3. Other Points Derived from This Hadith
- If a believer sees his brother lacking in his religion, he strives his best to improve the plight of his brother- as piety is the best that he can achieve for himself and it is what he should wish for his brother also. One of the early pious people said, “Those who love each other for the sake of Allah look by the light of Allah. They, for the sake of Allah, have compassion for those who commit sins. They hate their deeds but have compassion for them. They try to change their ways by admonishing them to stop their deeds and they show pity for them to keep their bodies away from the Fire.”
- The implementation of this hadith is not with words only. That is, a person does not simply claim to love his brother and to love for his brother what he loves for himself. It cannot be a case of mere lip service. Instead, as is the case with all true love, that love must be translated into action.

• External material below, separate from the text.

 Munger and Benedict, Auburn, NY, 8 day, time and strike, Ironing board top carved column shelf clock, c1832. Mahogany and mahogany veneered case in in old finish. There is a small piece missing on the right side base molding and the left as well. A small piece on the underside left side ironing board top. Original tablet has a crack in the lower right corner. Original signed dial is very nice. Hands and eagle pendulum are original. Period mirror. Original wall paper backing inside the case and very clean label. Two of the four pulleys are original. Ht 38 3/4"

In this case, it means action on behalf of one’s brother when one has the means to help him or improve his situation.
- If a person sees his brother possessing a virtue that he does not possess, it is permissible for him to wish that he also had that virtue himself. It is permissible for one to wish he had the same virtue but it is not permissible for one to wish that the virtue be removed from his brother. It is recorded in Sahih al-Bukhari and Sahih Muslim that the Prophet (peace be upon him) himself wished he could attain martyrdom. The Messenger of Allah (peace be upon him) also said, “There is no jealousy except with respect to two people: A man whom Allah has given wealth and he uses it up for the sake of the Truth and a man whom Allah has given wisdom and he decides by it and acts accordingly.” (Recorded by al-Bukhari and Muslim.) This hadith means that a person should also wish that Allah gives him those characteristics although, at the same time, he does not wish that those characteristics be taken away from the other.

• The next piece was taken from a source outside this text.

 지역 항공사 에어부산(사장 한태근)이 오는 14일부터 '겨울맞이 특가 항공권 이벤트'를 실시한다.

- The true Islamic society- the society of true believers- is one where the relations between its members is built upon love and compassion. This was truly the case among the Companions. Every member works for the good of all of the members of society. Peace and tranquillity is spread throughout such a society. This only comes about when people truly love for each other what they love for themselves
- This hadith lays down a general principle of behavior towards all other Muslims. However, there are specific Muslims that have even more rights upon a Muslim. These would include one’s parents, relatives and wife. Sometimes a person may apply this hadith in general when it comes, for example, to his brothers in the mosque. He will love for them what he loves for himself. But when it comes to his own wife he does not apply this principle, even though his wife has more rights upon him than the general masses. He will not, for example, treat his wife in an appropriate manner, in the way that he also likes to be treated by those in authority over him. This is improper behavior and a Muslim should be aware of this type of mistake.
- If a person finds himself lacking in his piety and religious deeds, he should wish that others would be better than he is and he should also try to improve himself and make himself better than he currently is.
4. Summary of the Hadith
The true believer loves for his brother Muslim what he loves for himself of good things. Without possessing this quality, one has not yet reached the level of true and complete Imaan.